Member of the European Parliament for Czech Republic
- Incumbent
- Assumed office 14 July 2009

Personal details
- Born: 25 October 1968 (age 57) Kroměříž, Czechoslovakia
- Party: Czech Social Democratic Party
- Occupation: Politician

= Olga Sehnalová =

Czech politician

Olga Sehnalová (born 25 October 1968) is a Czech politician. Since July 2009, she has served as a Member of the European Parliament for the Czech Republic, representing the Social Democratic Party.

On the Committee on Transport and Tourism, Sehnalová served as the parliament's co-rapporteur (alongside Dieter-Lebrecht Koch) on the eCall initiative in 2012. In 2016, she was appointed rapporteur for the consumer protection cooperation regulation.

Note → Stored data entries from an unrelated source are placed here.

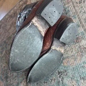 Stylish western boots with intricate stitching. Black shaft with detail stitching and brown foot. Perfect for any cowboy look. These boots have been loved well. See pics for details and let me know if you have questions.
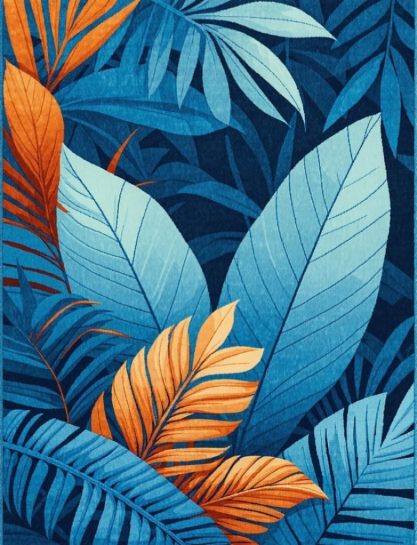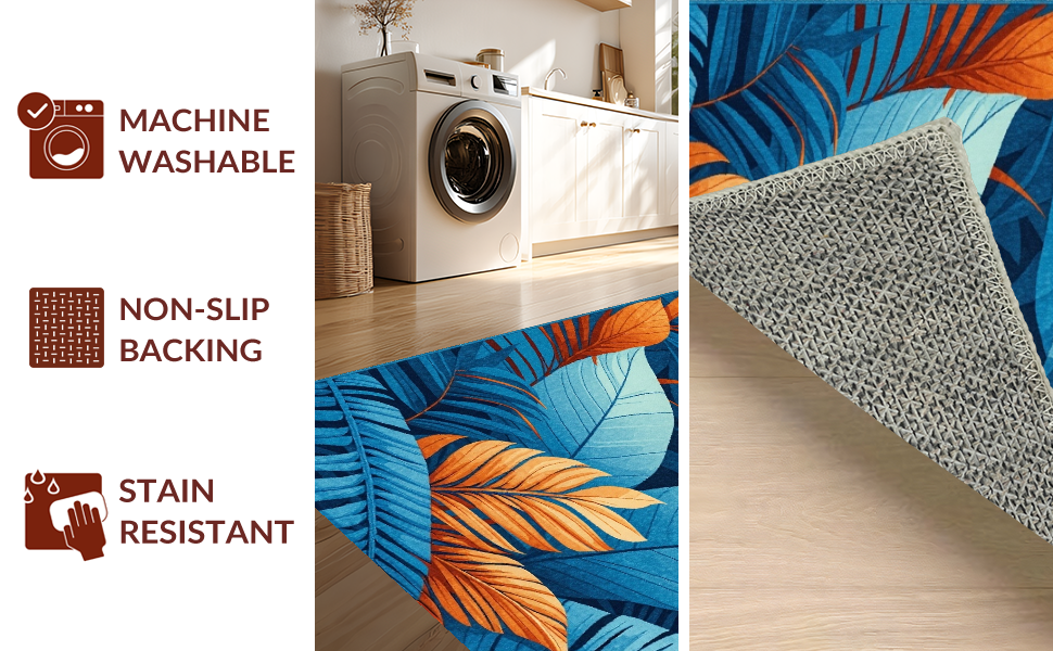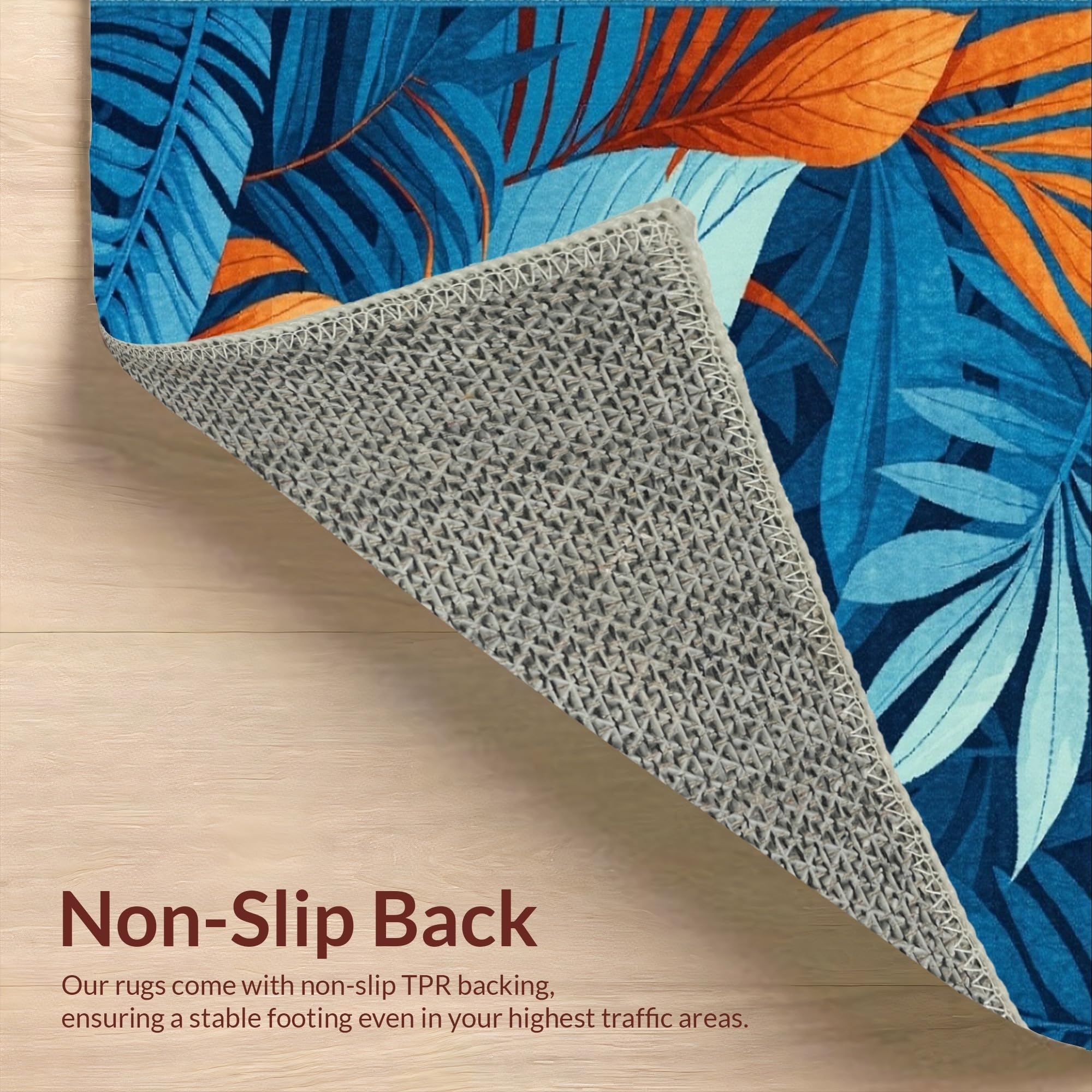 Ultra Soft Area Rug, Non Slip, Stain Resistant, Washable Area Rugs for Living Room, Bedroom, Lush Tropical Jungle Pattern(Blue) Overview:
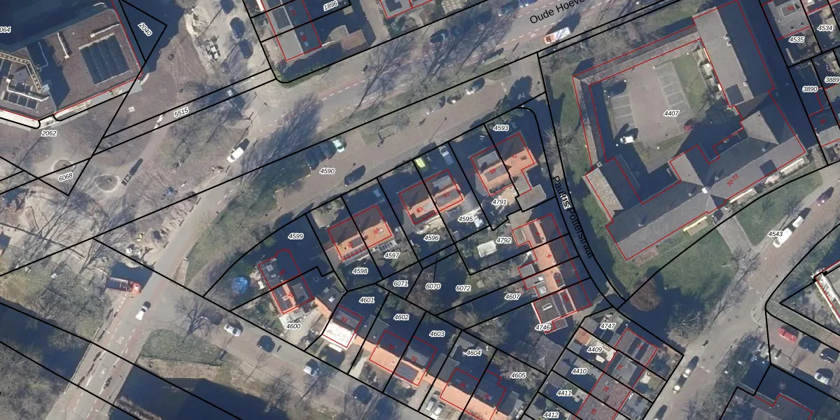 Gebruik de zoekbalk of klik op een perceel voor informatie over de adressen binnen dit perceel.
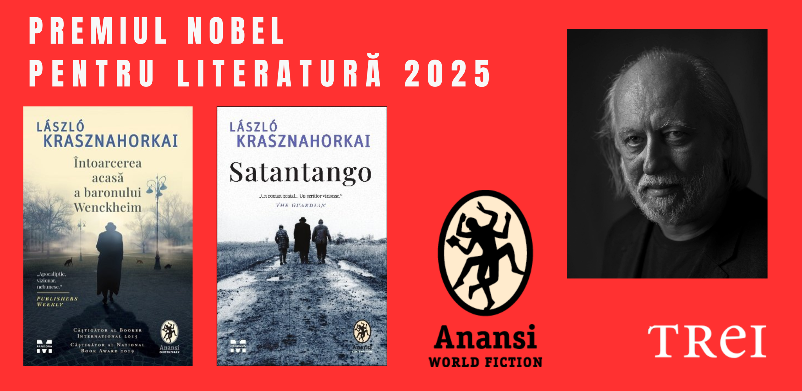 Scriitorul maghiar László Krasznahorkai a câștiigat Premiul Nobel pentru Literatură 2025. László Krasznahorkai (n. 1954) este unul dintre cei mai cunoscuți prozatori și scenariști maghiari contemporani. A absolvit filologia cu o teză despre opera scriitorului Sándor Márai și, după definitivarea studiilor, și-a câștigat existența ca scriitor profesionist. A avut o strânsă colaborare cu celebrul regizor maghiar Béla Tarr, în urma căreia au rezultat filme precum Satantango sau Calul din Torino. Este laureatul unora dintre cele mai importante premii din Ungaria și străinătate, printre care se numără Man Booker International Prize, Best Translated Book Award, National Book Award for Translated Literature sau Europäischer Literaturpreis. La Editura Trei au apărut în colecția Anansi. World Fiction: Întoarcerea acasă a baronului Wenckheim, traducere de Ildikó Gábos‑Foarță
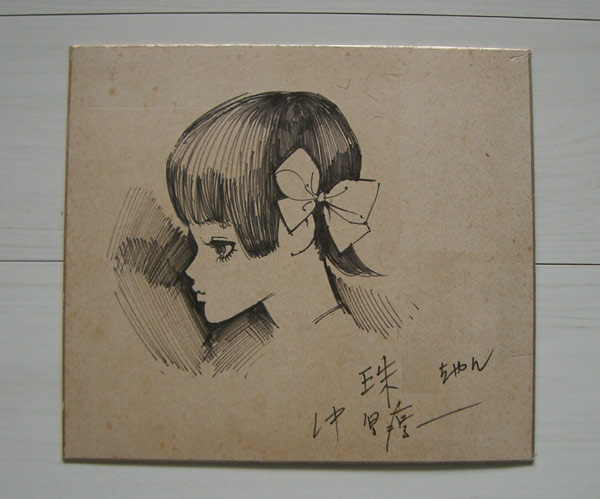 話は変わりますが、TAMAさんの実家の引越しでこんな絵が出てきました。TAMAさんが幼稚園くらいのときに、銀座のデパートで中原淳一に描いてもらった色紙だそうです。40数年前はこんなに可愛かったんですね~

In addition to her committee assignments, Sehnalová is a member of the European Parliament Intergroup on Disability.

==Parliamentary service==
- Vice-Chair, Delegation for relations with Israel (2009-)
- Member, Committee on Transport and Tourism (2009–14)
- Member, Delegation to the Parliamentary Assembly of the Union for the Mediterranean (2009–12)
- Member, Committee on the Internal Market and Consumer Protection (2014-)
- Member, Committee of Inquiry into Emission Measurements in the Automotive Sector (2016-)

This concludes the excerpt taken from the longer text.